Most people know 3PAR for our industry leading thin provisioning and we have benefited a great deal from the fact that most other array companies offer it. There is a big difference between technologies that begin life as core architectures - as opposed to being bolt-on afterthoughts. Unfortunately for us, only a few competitors have developed "me too" wide striping features, which makes it more difficult for us to get the word out on it.
Performance is always an issue and sometimes old architectures have problems delivering it. Rather than re-architecting their systems to get wide striping performance, EMC (and now others) added SSDs. There's no question that implementing SSDs was a shorter path to high performance for them, but everything has it's trade offs, such as the initial high cost when technologies are new and extending designs with weaknesses, such as outdated storage provisioning methods.
Next to 3PAR's, the best wide striping implementations belong to XIV and Oracle's Exadata.
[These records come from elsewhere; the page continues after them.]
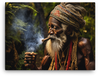 Wise Elder with Cigar in Mystical Forest Canvas Wall Art
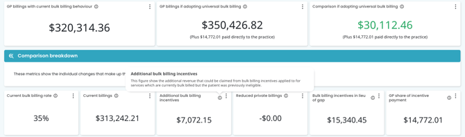 The Australian Government has made changes to bulk billing incentives, which are set to roll out on 1st of November 2025. This dashboard analyses a providers historical services and billings at the Practice in the selected date range, and uses that to calculate what billings might be under these new arrangements.
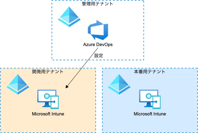 全体のコンセプト上、上記の図にも本番用のテナントとIntuneが描かれていますが、今回はほぼ登場しません。
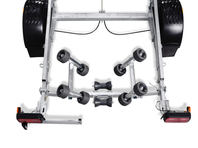 Adaptiv Superrullsvagga är en smart lösning med en unik placering av rullar. Den utökade mängden rullar skapar mer stöd mot båtskrovet.
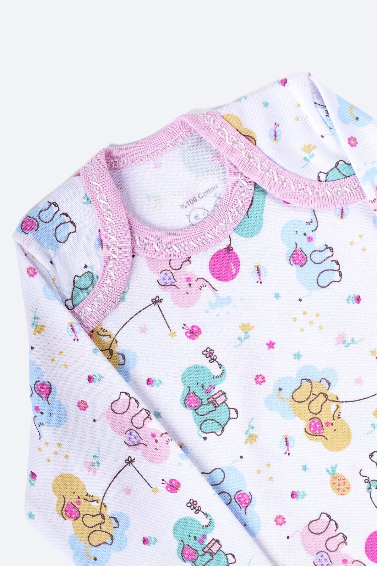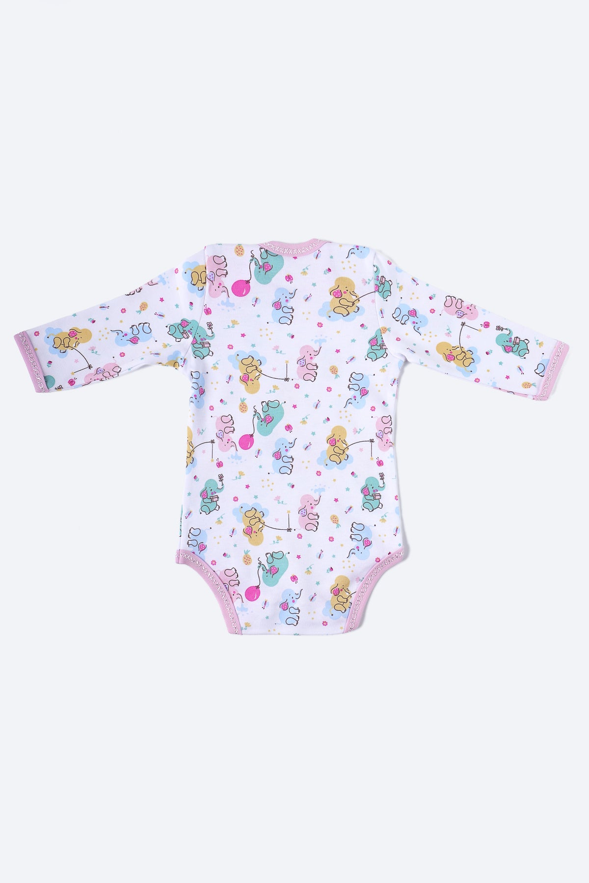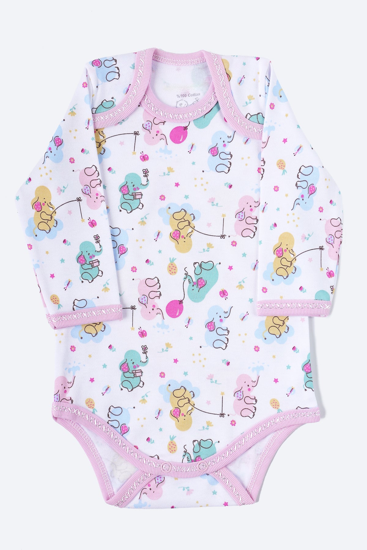 Pembe fil desenli, uzun kollu body.
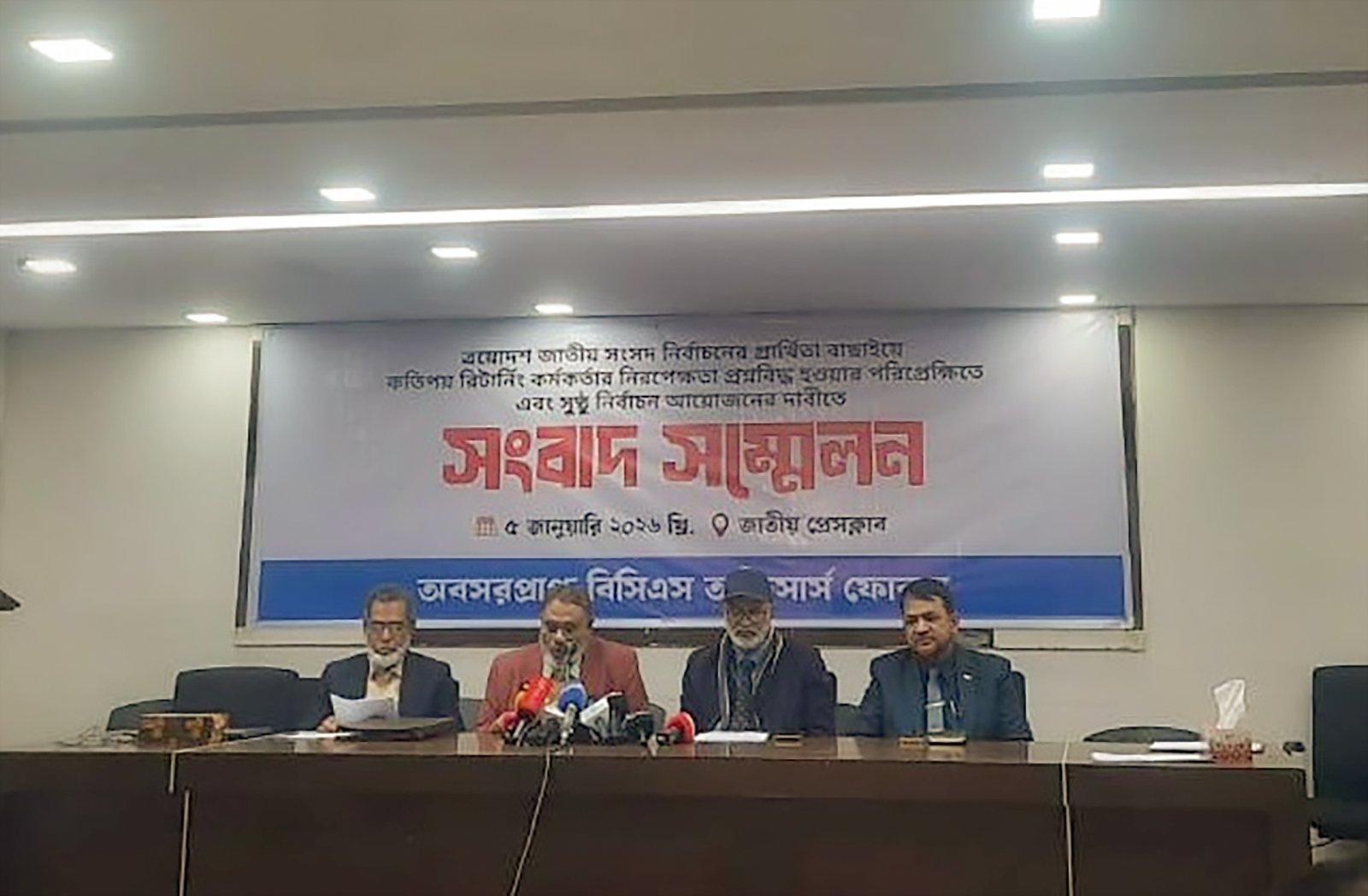 সোমবার (৫ জানুয়ারি) সকালে জাতীয় প্রেসক্লাবের জহুর হোসেন চৌধুরী হলে আয়োজিত এক জরুরি সংবাদ সম্মেলনে এসব কথা বলেন সংগঠনের নেতৃবৃন্দ। প্রার্থিতা বাছাইয়ে কতিপয় রিটার্নিং কর্মকর্তার প্রশ্নবিদ্ধ ভূমিকা এবং সুষ্ঠু নির্বাচনের পরিবেশ নিশ্চিতের দাবিতে এই সংবাদ সম্মেলন অনুষ্ঠিত হয়।
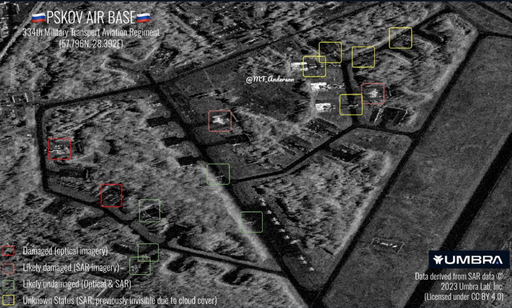 Оптические и радиолокационные изображения также показывают пять не пострадавших в ходе атаки бортов и пять самолетов с пока неясным статусом.
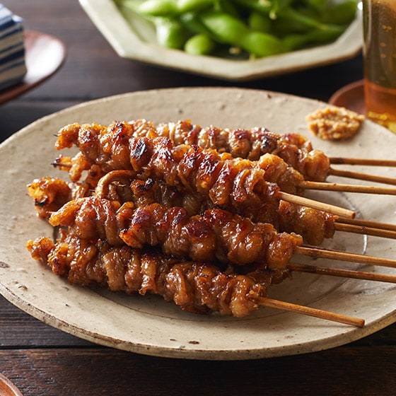 福岡名物の鶏皮串は鶏の皮を串にぐるぐると巻き付け、じっくり焼いて脂を落としながらタレに漬け込むことで、外はカリッと、中はもっちりとした食感が特長の串焼きです。 タレで味を付けているので、温めるだけで焼き鳥が楽しめます。 ■フライパンやオーブンでしっかり焼くことがおすすめ
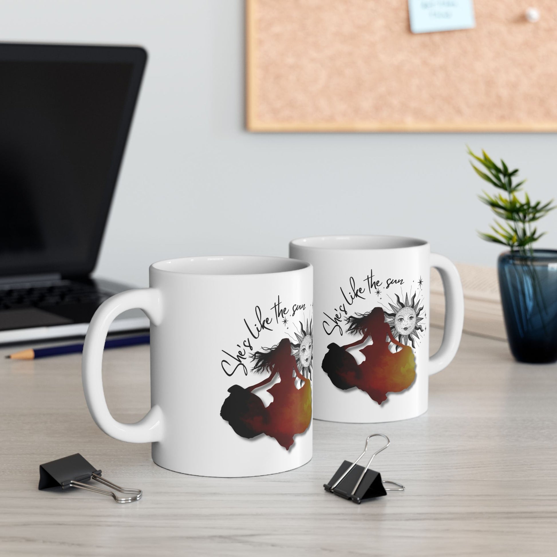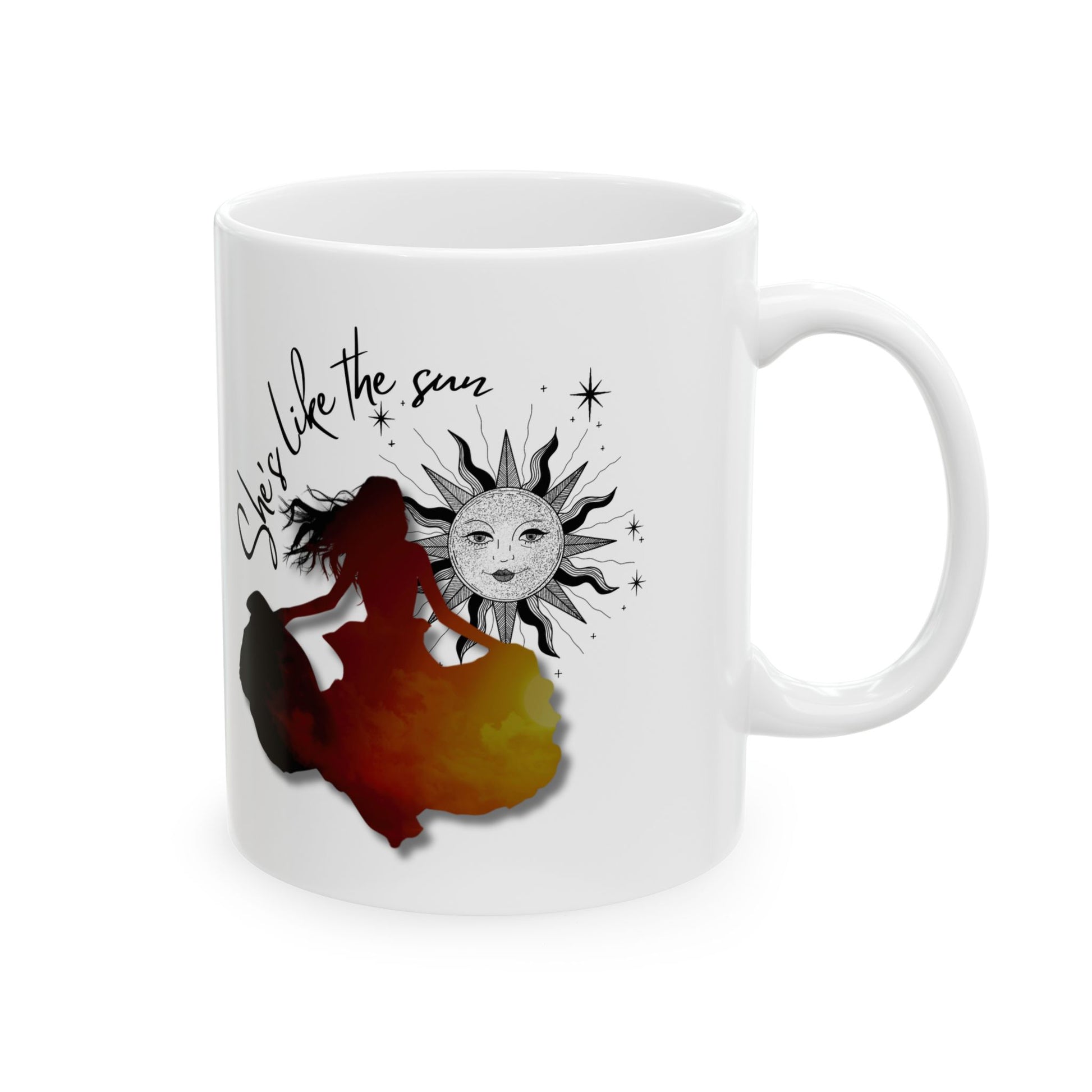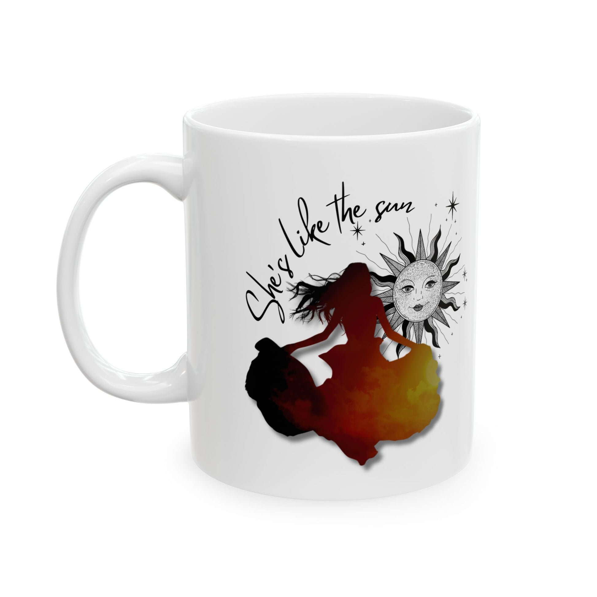 The She's Like the Sun Mug featuring a unique design that radiates a sense of whimsy and creativity. Ideal for art enthusiasts, dreamers, and book lovers alike, it's a staple for those who appreciate those who radiate light, like Lor. It's great for gifting during birthdays, holidays, or as a thoughtful present to someone special.

XIV's implementation lacks high performance drives and the ability to scale to a large number of drives. Exadata does a good job with wide striping, but its a niche product and is pretty much useless for the mixed workload environments that most customers have.
3PAR InServ arrays may be the only viable way to get wide striping performance and scalability. That makes us different than everybody else. Our next-generation capacity saving Thin Provisioning does too, but the rest of the industry tries to make THAT issue a little less obvious.